Analysis: Cross Country Skiing by Fatih Gelgi and Brian Dean


Suppose we have a function Reachable(X) that tells us (i.e. returns true) if all waypoints are reachable with absolute elevation difference at most X. Then by calling Reachable with different X values we can find D. Obviously, we cannot try all X values since X is in the range 0..1,000,000,000. Remember that we're looking for the minimum value of D which means we can use binary search:

Dmin=0, Dmax=1000000000
while Dmin < Dmax
    X = (Dmin + Dmax) / 2
    if Reachable(X)
        Dmax = X
    else 
        Dmin = X + 1
D = Dmin

Now we can work on a Reachable function which implements floodfill algorithm: starting from one waypoint, continue expanding cells while elevation difference is D between adjacent cells. As you know, we can use either Depth First Search (DFS) or Breath First Search (BFS) for floodfill. However, this is a little tricky since DFS may fail on some of the inputs. The depth of recursion can go up to NM which is too deep. On the other hand, using BFS will be safe.
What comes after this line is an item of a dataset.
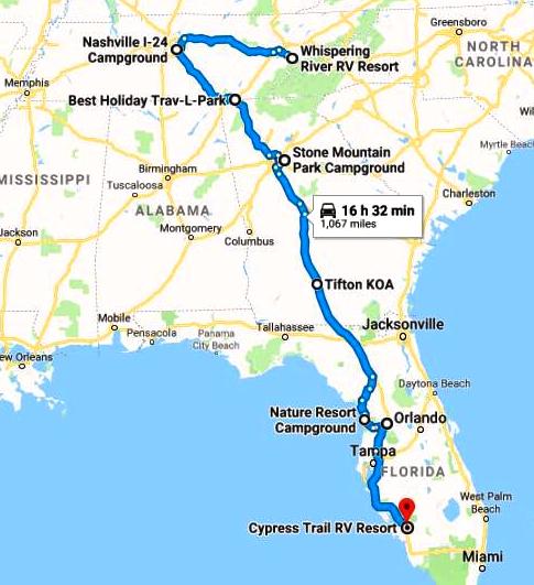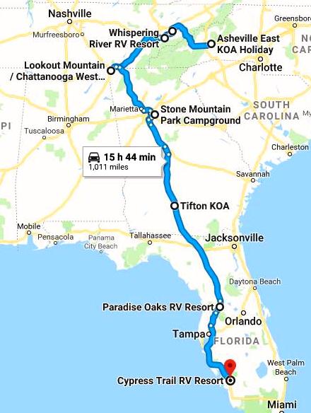 The Escapees rally was a change to our plan we had originally expected to stop in Homosassa Springs to see the manatees again, but when we saw that Escapees Chapter 57 was having a rally that week in Bushnell we joined the chapter and jumped at the chance to participate in the rally. That, along with the very nice visit with friends Roy and Patricia in Tellico Village TN, the Civil War sites in Chattanooga and the pleasant stay at Stone Mountain Campground, turned out to be the highlights of Segment 2.

For each Reachable function call, O(NM) time is required. Since binary search calls the function O(log R) times (where R is the range 0..1,000,000,000), the total running time is O(MN log R). Here is a sample code:

#include <fstream>
#include <cmath>
#include <queue>

#define MAX 501

using namespace std;

const int dy[]={-1,0,1,0},dx[]={0,-1,0,1};
int m,n,mat[MAX][MAX],wp[MAX][MAX],mark[MAX][MAX],wy,wx;

// floodfill with BFS within elevation difference d
void floodfill(int d)
{
	queue<pair<int,int> > q;

	q.push(make_pair(wy,wx));
	mark[wy][wx]=1;

	while (!q.empty())
	{
		pair<int,int> p=q.front();
		q.pop();

		for (int i=0; i<4; i++)
		{
			int ny=p.first+dy[i],nx=p.second+dx[i];
			if (ny>=0 && ny<m && nx>=0 && nx<n)
				// if the target cell is not visited before
				//    and the elevation difference is within D
				//    push the cell into the queue
				if (!mark[ny][nx] && abs(mat[p.first][p.second]-mat[ny][nx])<=d)
				{
					q.push(make_pair(ny,nx));
					mark[ny][nx]=1;
				}
		}
	}
}

// check if all waypoints are reachable with elevation difference D
bool reachable(int d)
{
	// reset the grid that keeps the reachable points
	for (int i=0; i<m; i++)
		for (int j=0; j<n; j++) mark[i][j]=0;

	floodfill(d);

	// check if there is any unreachable waypoints
	for (int i=0; i<m; i++)
		for (int j=0; j<n; j++)
			if (wp[i][j] && !mark[i][j]) return false;
	return true;
}

int main()
{
	ifstream fin("ccski.in");
	fin >> m >> n;
	for (int i=0; i<m; i++)
		for (int j=0; j<n; j++)
			fin >> mat[i][j];
	for (int i=0; i<m; i++)
		for (int j=0; j<n; j++)
		{
			fin >> wp[i][j];
			// keep one of the waypoints as the starting point
			if (wp[i][j]) wy=i,wx=j;
		}
	fin.close();

	// binary search
	int dmin=0,dmax=1000000000;
	while (dmin<dmax)
	{
		int d=(dmin+dmax)/2;
		if (reachable(d)) dmax=d;
		else dmin=d+1;
	}

	ofstream fout("ccski.out");
	fout << dmin << "\n";
	fout.close();
}

In addition to being solvable by a floodfill wrapped inside a binary search, this problem also has a nice solution using ideas from minimum spanning trees. Whereas a standard shortest path between two nodes in a graph minimizes the sum of the edge weights along the path, a so-called "bottleneck" shortest path minimizes the largest edge weight along the path. One can compute bottleneck shortest paths using a variant of Dijkstra's algorithm (which is actually the same as the minimum spanning tree algorithm of Prim/Jarnik). Moreover, a nice property of minimum spanning trees is that the unique path through an MST between any two nodes is actually a bottleneck shortest path; hence, computing a minimum spanning tree effectively computes bottleneck shortest paths between all pairs of nodes.

Armed with the insight above, we can now solve this problem by computing a minimum spanning tree, say by using Kruskal's well-known algorithm that adds edges in sorted order. We first pre-sort all the edges (differences between adjacent cells) and then add them one by one to our MST. The only difference is that instead of running this process to completion to build a full MST, we stop at the moment when our partial MST contains all the waypoints. The last edge weight we added will give us the value of D we seek, since we need at least this value of D to connect all the waypoints together. The running time for this approach would be the same as that of Kruskal's algorithm, which is dominated by the time required to sort the edges: O(MN log MN).